Aim. Evaluation of the safety and effectiveness of non-medical switching from the original drug Keytruda® to the biosimilar drug Pembroria® in patients with various oncological pathologies in real clinical practice (REFLECTION).
Materials and methods. A retrospective analysis of data from electronic medical records from 21 medical institutions of the Russian Federation for the period 2020–2023 was carried out. Data were included from patients with cancer of various locations who received at least 2 injections of Keytruda® followed by switching to Pembroria® for non-medical indications (at least 2 injections). Primary criteria: incidence of immune-mediated adverse reactions (ImARs) of any severity. Secondary indicators: incidence of ImARs of various degrees of severity and infusion reactions, frequency of objective response rate (according to RECIST 1.1 criteria).

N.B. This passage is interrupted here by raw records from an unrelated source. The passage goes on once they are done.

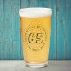 Commemorative birthday celebration glass with person's name, and the date of their birthday. A glass for someone who is 65. Outline number style.
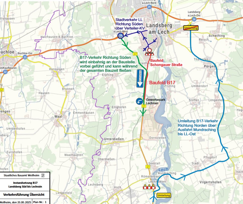Verkehrsbehinderungen im Landsberger Süden - B17 ab Mittwoch halbseitig gesperrt
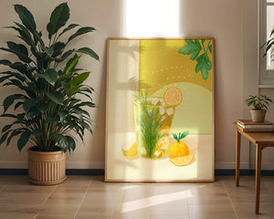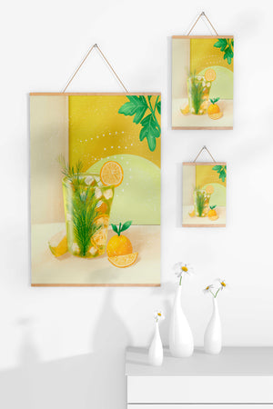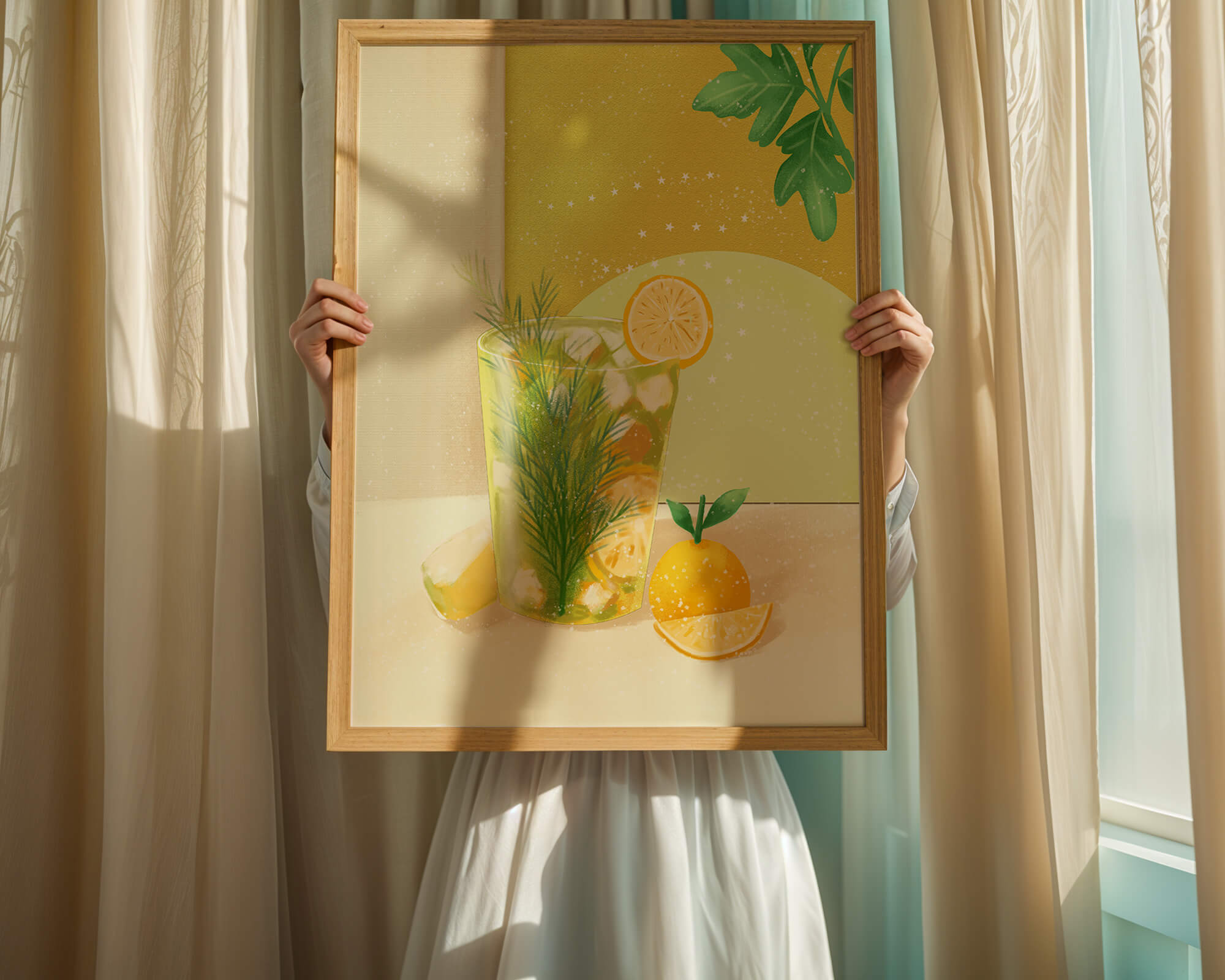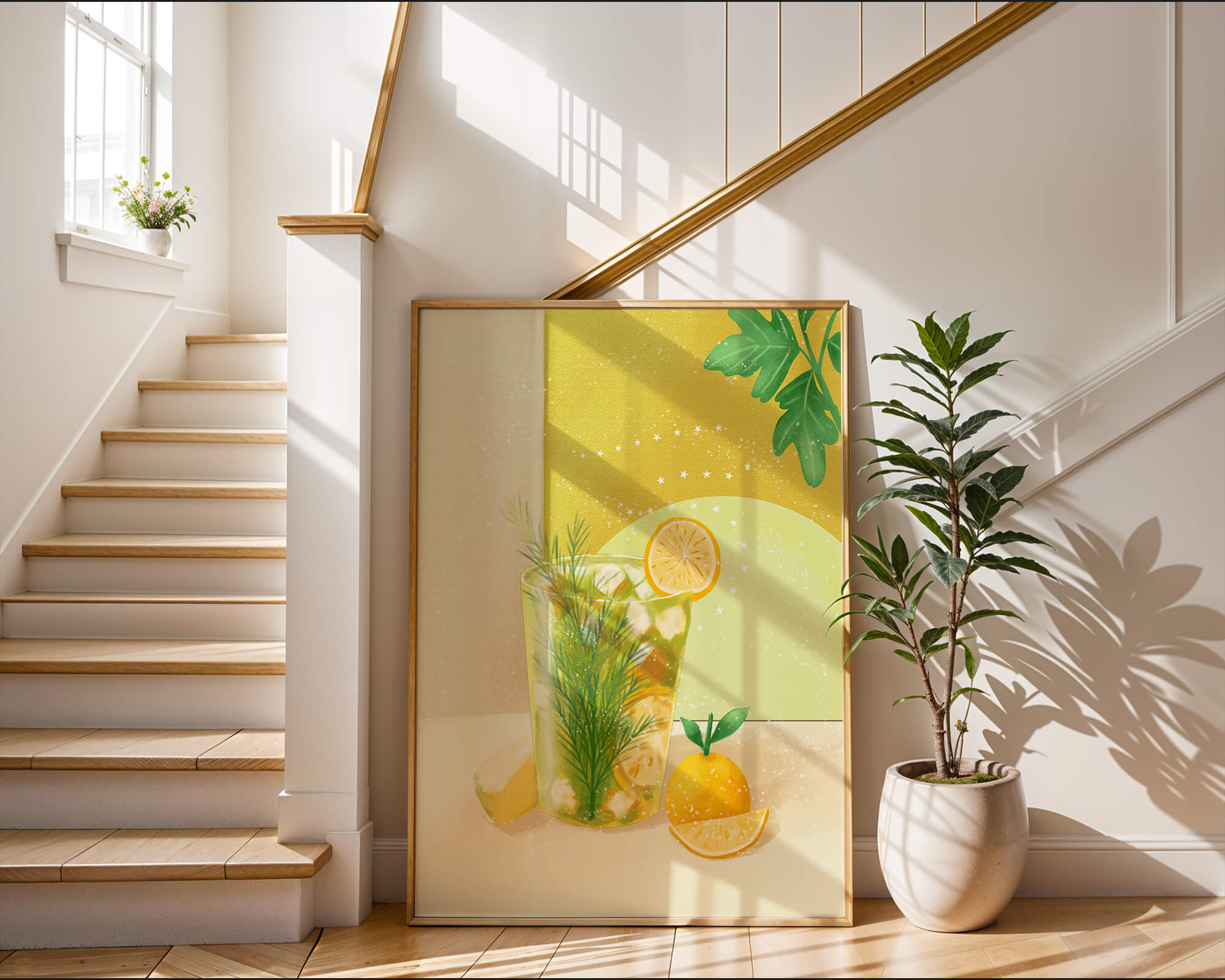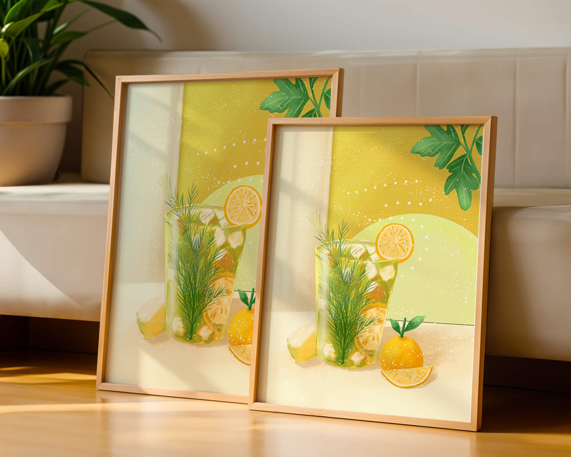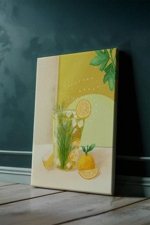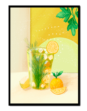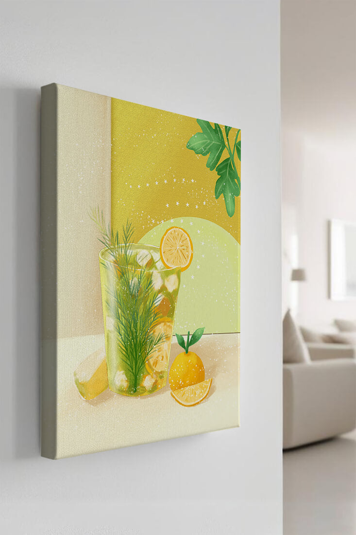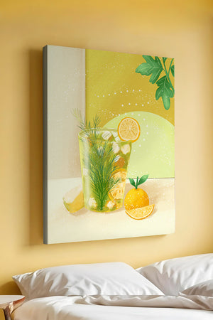 In the foreground, a clear glass is brimming with an invigorating mix of citrus and ice, showcasing the rich, warm hues of lemon. The delicate green garnish adds a natural touch, enhancing the drinks freshness. With soft, ambient lighting and subtle sparkles, the scene offers a sense of cool tranquility.The background complements the drinks vibrant appearance, with abstract yellow and green shades harmonizing with the overall theme. The presence of an orange and lemon slice beside the glass invites thoughts of sunlit days, making this an ideal inspiration for a kitchen or dining room setting seeking a lively, fresh touch.| Type |

Results. The analysis included data from 382 patients (male/female 200/182, median age 62 years) with NSCLC (24.1%), RCC (23.3%), melanoma (20.4%) and cancer of other localization. Patients received Keytruda® on 1st and 2nd lines (54.2 and 25.4% of patients, respectively), on 3 or 4 lines (14.1%), or as part of adjuvant therapy (6.3%). 50.5% of patients received pembrolizumab as monotherapy. The median number of administrations was 7.0 and 5.0 for Keytruda® and Pembroria®, respectively. ImARs were registered in 44 (11.5%) patients (60 ImARs), including 40 ImARs in 35 (9.2%) patients while using Keytruda® and 20 ImARs in 17 (2.4%) patients with Pembroria®. The most common ImARs were hypothyroidism, hyperthyroidism, and hepatitis; the frequency of these ImARs was higher with Keytruda® (EAER for hypothyroidism 0.00422 and 0.00144, for hepatitis – 0.00124 and 0.00096, respectively). All 5 reported cases of hyperthyroidism in patients on Keytruda® (EAER 0.00124), were resolved before switching to Pembroria®. No infusion-related reactions or deaths due to ImARs have been reported. The objective response rate was comparable – 104 (32.6%) and 90 (29.2%) patients оn Keytruda® and Pembroria® therapy, respectively. Most patients maintained disease control after switching to Pembroria® [progression was recorded in 29 (9.4%) patients after switching to a biosimilar].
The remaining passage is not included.